Department of Civil and Environmental Engineering, KAIST, 373-1 Guseong-dong, Yuseong-gu, Daejeon 305-701, Republic of Korea.
Chemosphere. 2011 Oct;85(4):672-6. doi: 10.1016/j.chemosphere.2011.06.072. Epub 2011 Jul 12.

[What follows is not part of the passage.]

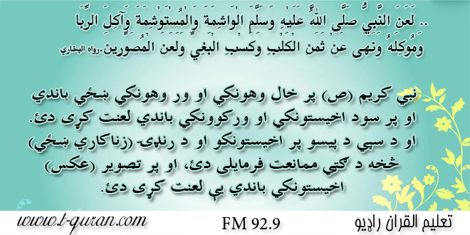 ترجمه: حضرت عون بن ابي جحيفه (رض) د خپل پلار څخه روايت کوي، چي نبي کريم (ص) پر خال وهونکي او ور وهونکي ښځي باندي او پر سود اخيستونکي او ورکوونکي باندي لعنت کړی دئ. او د سپي د پيسو پر اخيستونکو او د رنډۍ (زناکاري ښځي) څخه د ګټي ممانعت فرمايلی دئ، او پر تصوير (عکس) اخيستونکي باندي يې لعنت کړی دئ.

In an effort to improve the efficiency and sustainability of microbial fuel cell (MFC) technology, a novel MFC reactor, the M2FC, was constructed by combining a ferric-based MFC with a ferrous-based fuel cell (FC). In this M2FC reactor, ferric ion, the catholyte in the MFC component, is regenerated by the FC system with the generation of additional electricity. When the MFC component was operated separately, the electricity generation was maintained for only 98 h due to the depletion of ferric ion in the catholyte. In combination with the fuel cell, however, the production of power was sustained because ferric ion was continually replenished from ferrous ion in the FC component. Moreover, the regeneration process of ferric ion by the FC produced additional energy. The M2FC reactor yielded a power density of up to 2 W m(-2) (or time-averaged value of approximately 650 mW m(-2)), density up to 20 times (or approximately six times based on time-averaged value) higher than the corresponding MFC system.
为了提高微生物燃料电池(MFC)技术的效率和可持续性,通过将基于铁的 MFC 与基于亚铁的燃料电池(FC)结合,构建了一种新型的 M2FC 反应器。在这种 M2FC 反应器中,FC 系统会使 MFC 组件中的阴极液中的铁离子再生,同时产生额外的电能。当单独运行 MFC 组件时,由于阴极液中铁离子的耗尽,发电仅能维持 98 小时。然而,与燃料电池结合后,由于 FC 组件中的亚铁离子不断补充铁离子,因此电力生产得以持续。此外,FC 对铁离子的再生过程产生了额外的能量。M2FC 反应器的功率密度高达 2 W m(-2)(或时间平均值约为 650 mW m(-2)),比相应的 MFC 系统高 20 倍(或时间平均值约为 6 倍)。